The Barlow will kick off its Thursday night street fair series next week, coinciding with the Sebastopol Kiwanis 3rd of July celebration. The fair wll be on McKinley Avenue and feature music, food and plenty of entertainment for people of all ages. Pictured is a scene from last November’s grand opening party, which brought thousands of people to The Barlow.

Home to Taylor Maid Farms Coffee Bar and Roastery, Zazu Kitchen and Farm, Woodfour Brewing Company, Sub Zero Ice Cream and Yogurt and many other businesses, The Barlow is Sebastopol’s newest hub of activity, and it’s about to get a little busier when the complex begins hosting a weekly street fair starting July 3.

The event is designed to be a community celebration attracting people all ages and will run weekly on Thursday evenings through Oct. 30 from 4 to 8 p.m. In addition to the dozens of businesses that call the 12.5-acre complex home, the street Fair will feature a variety of local food and artisan vendors, live music and entertainment.

“After an overwhelmingly positive response from our Grand Opening street fair event in November, it was clear that this is what the community wants; a place to come, spend time together and have fun, and this is what the Barlow and the street fair are all about,” said Barney Aldrige, founder of The Barlow. “So we made some calls and invited some of the best food and artisan vendors from the North Bay to join us for a fun, weekly celebration.”

Located on the corner of Highway 12 and Morris Streets, The Barlow street fair will take place on McKinley Street in the heart of The Barlow complex.

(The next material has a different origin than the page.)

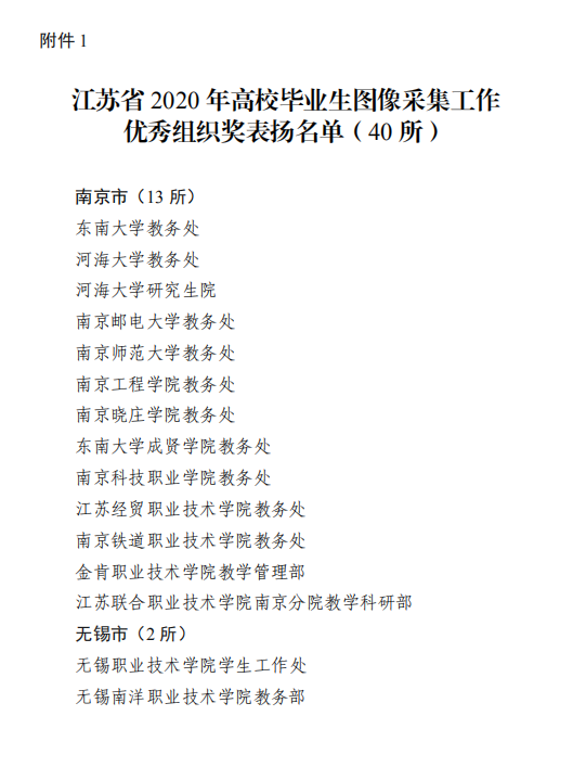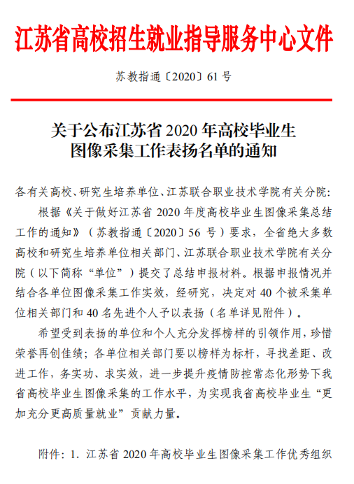 近日,江苏省高校招生就业指导服务中心公布了江苏省2020年高校毕业生图像信息采集工作表扬名单,国产av 教务处荣获“江苏省2020年高校毕业生图像采集工作优秀组织奖”。

The event will kick off on July 3 with a live performance by Onye and The Messengers, an international Afro jazz band, playing an electrifying blend of influences ranging from Afro beat, reggae, funk, jazz and world music.

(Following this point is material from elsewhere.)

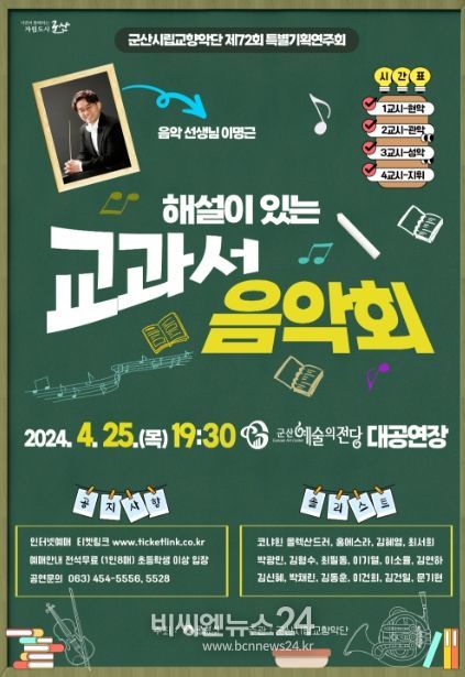(비씨엔뉴스24) 군산시립교향악단이 오는 4월 25일 19시 30분 군산 예술의전당 대공연장에서 제72회 특별기획연주회 ‘해설이 있는 교과서 음악회’를 개최한다.

Other local musicians will also be playing acoustically on the street weekly and the event is designed for people of all ages to enjoy. There will be bounce houses for the kids and about 35 vendors plan to participate. Twelve of those will be mobile food vendors featuring everything from Indian and Southern Barbeque to snow cones.

“I love to eat and I’m excited about all the good food, but I’m most excited to see something happening on Thursday night,” said Ava Warren, The Barlow assistant property manager. “People all in one place enjoying each other.”

Organizers are hoping for a good crowd to turn out, but at this point have no idea what to expect.

Taylor Maid plans to have a big presence at the street fair.

“I think we’ve been an anchor business in The Barlow, and it is important to us to have that reflected,” said Louie Poore, marketing director for Taylor Maid Farms Organic Coffee.

The coffee bar and roastery located on McKinley Street is known to draw a crowd at all hours of the day. Handcrafted espresso-based beverages, free Wi-Fi, and indoor and outdoor community seating, as well as the sale of bulk coffee in recyclable and reusable packaging, keeps people coming back for more.

Although The Barlow is already home to Taylor Maid, the business will participate in “the marketplace” that night, with not only a booth, but also a cold-brew tricycle, making its rounds. The new wheels were acquired with the street fair in mind.

“We are always looking for new and exciting ways to present our coffee,” said Poore. Equipped with a box built in front that holds a keg, the cold coffee will be served “on tap,” a first for Taylor Maid, who has yet to put the tricycle to work.